X-Message-Number: 20029
From: "Mark Plus" <>
Subject: Re: Religion and Secularism
Date: Tue, 10 Sep 2002 15:45:09 -0700

In Message #20023, Mike Perry writes,

>As for Tom Paine and other founding fathers, some of the most prominent,
including Washington, Jefferson, and Paine himself, were not atheists but
Deists, while I'm not aware of any who could be said to be atheist or
non-religious. As Paine makes clear in *The Age of Reason*, he believed in
no revealed scripture (hence his opposition to the Bible) but did believe
in a God, and also a resurrection and an afterlife.

Deism illustrates how one generation's reasonable inference can become a 
future generation's non sequitur.

Deists assumed that "revealed" religions, including Christianity, are human 
inventions, which almost anyone could think up and present as genuine. In 
other contexts such an activity would be called "lying."  (Today we have far 
more examples of made-up religions than educated Europeans knew about in the 
18th Century. Apparently starting a new religion isn't all that difficult. I 
couldn't do it, because I don't have the right sort of personality. But 
there are plenty of people in the world who do.)

By contrast, humans couldn't make living organisms, and it wasn't obvious 
how organisms originally came about or how they worked, though their 
functioning could be analogized to watches, which were the high-tech gadgets 
of the 18th Century. (We don't find watches in nature, however, so maybe god 
can't make watches.) Therefore, the Deists concluded, revealed religions 
don't prove the existence of a god, but the existence of life does imply the 
existence of a god, because no other "explanation" for life was plausible 
given the knowledge of the time.

Darwin certainly changes the look of things. Now that we understand how 
evolution works, and we are increasingly able to control the biochemical 
structure of life, the Deists' assumption about biology seems untenable. 
When humans are able to do things once attributed to a god, it's 
increasingly hard to argue that biological complexity has to point to a 
supernatural designer. If we can learn to reverse aging and resuscitate 
people from some kinds of "death," then that would seem to make the god 
conjecture superfluous, at least regarding biology. (Some day I'd like to 
work into a conversation: "Of course scientists can create life!
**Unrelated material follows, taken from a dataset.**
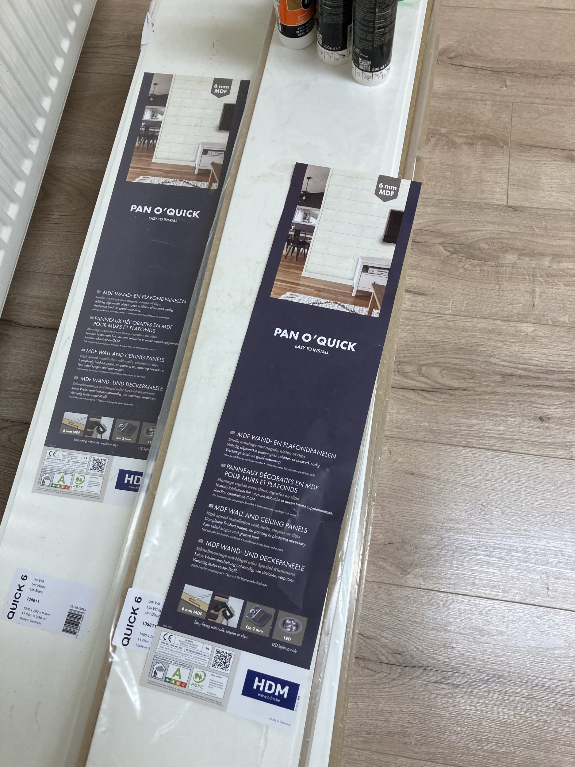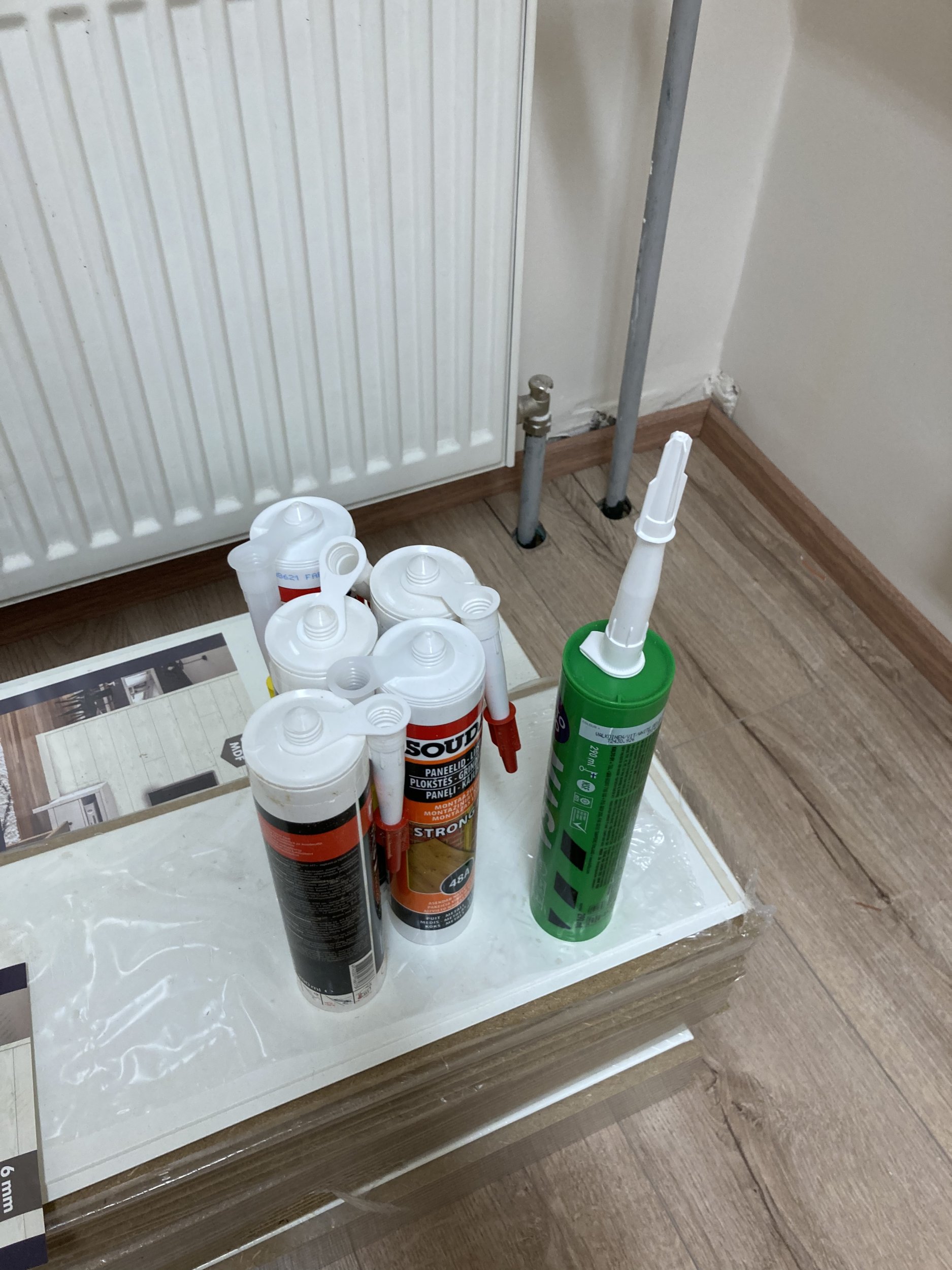 Objektil on olemas piltidel näidatud materjal - MDF 6mm laepaneelid, liimhermeetik, ja sisenurgaliistud. Tellija tagab vajadusel puuduoleva materjali.

What do you 
think life is -- some kind of miracle?")

Deism was certainly an enormous improvement over the dogmatisms of its era, 
and it allied itself with the right progressive social and political causes 
like freedom of expression, religious disestablishment and republican 
government. Today it's mainly worth studying for its historical interest.

In light of Deism's career, you have to wonder how people will view 
Transhumanism some day. If progress stagnates, as seems likely unless we can 
find alternatives to petroleum in the next few years, then Transhumanism may 
be remembered, if at all, as a crank obsession that seemed plausible during 
the last flush of economic growth before the end of the fossil fuels age.

Mark Plus
It's not "religious" or "science fictional" if you can do it.